Necatia

Scientific classification
- Kingdom: Animalia
- Phylum: Arthropoda
- Subphylum: Chelicerata
- Class: Arachnida
- Order: Araneae
- Infraorder: Araneomorphae
- Family: Salticidae
- Genus: Necatia Özdikmen, 2007
- Species: N. magnidens
- Binomial name: Necatia magnidens (Schenkel, 1963)
- Synonyms: Davidia magnidens Schenkel, 1963 (preoccupied, see text) ; Davidina magnidens Brignoli, 1985 (preoccupied, see text) ;

= Necatia =

- Authority: (Schenkel, 1963)
- Parent authority: Özdikmen, 2007

Genus of spiders

Necatia is a genus of the jumping spider family Salticidae. Its only species, Necatia magnidens, is found in southern China.

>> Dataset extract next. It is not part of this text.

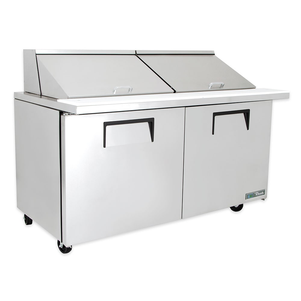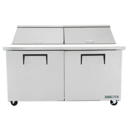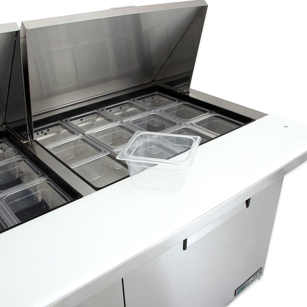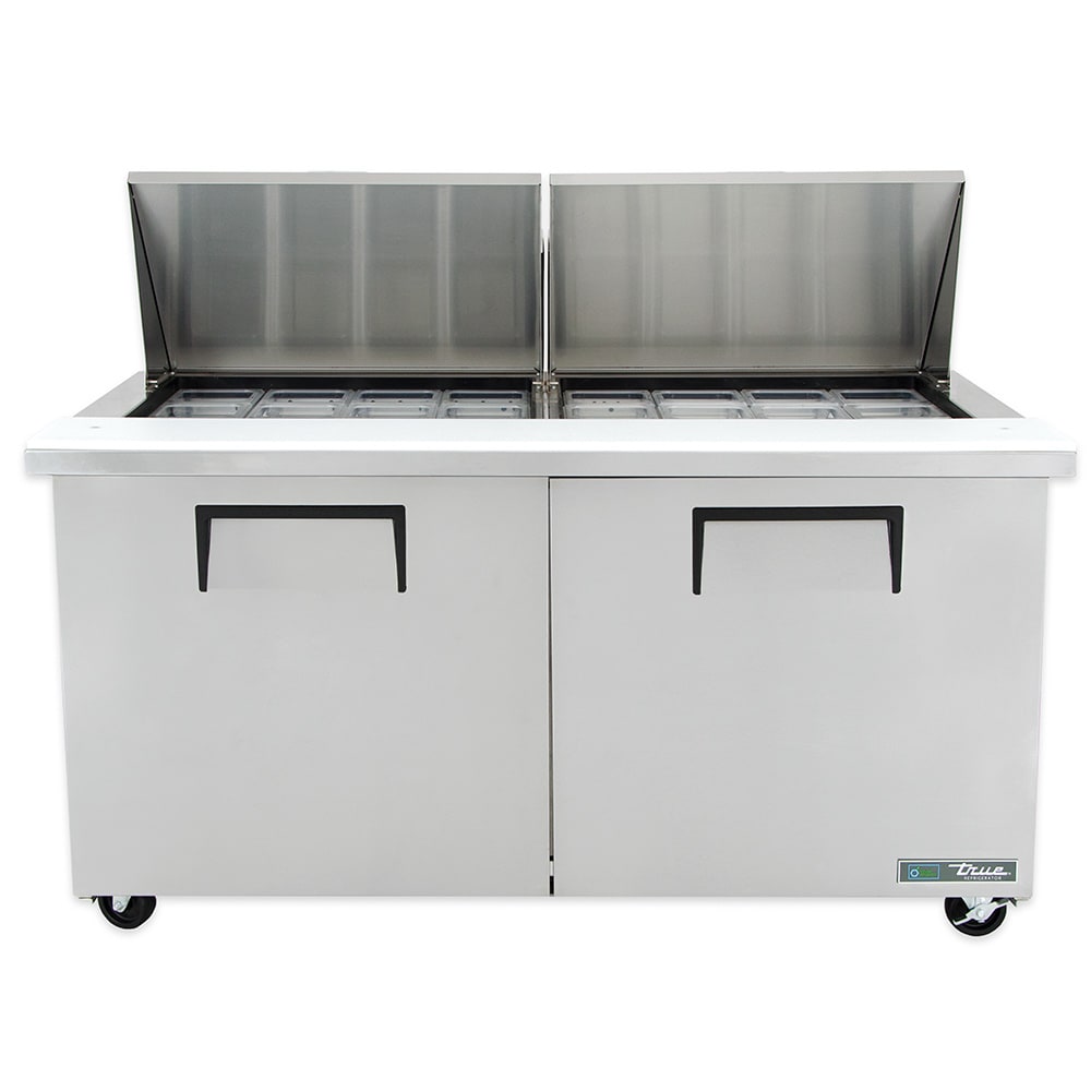 Part of the mega-top line, the True TSSU-60-24M-B-ST-HC prep table has an additional row in the top compartment, providing space for 24 sixth-size pans. These pans are included, and they are made of polycarbonate and have a 4-inch depth. A hood and lid assembly covers the top food pan area to keep cold air around the ingredients, maintain product freshness, and prevent condensation buildup. Spanning the width of the table, a cutting board enables users to assemble salads and sandwiches close to the ingredients.

The species is only known from a single female specimen, collected in 1872 by A. David, and described by Schenkel almost a hundred years later. Nothing more has been reported of the species since.

==Description==
From above, the carapace is U-shaped, slightly flared at the front. The female is slightly larger than 6 mm. The posterior lateral eyes are located almost halfway along the carapace. The abdomen is longer than broad and the legs are spiny. Schenkel described the specimen as having an overall brownish black color, "which is, perhaps, not surprising for a specimen preserved for so long".

==Taxonomy==
Taxonomically, this genus is interesting. The name Davidina was proposed by Brignoli in 1985 as a replacement for the original name Davidia, proposed by Schenkel in 1963. This was necessary according to ICZN rules, because Davidia had already been established by Hicks in 1873 as the name of a genus of Cycloconchidae, fossil mollusks. However, Brignoli overlooked that in 1879, Oberthür had already named a genus of Satyrini thus.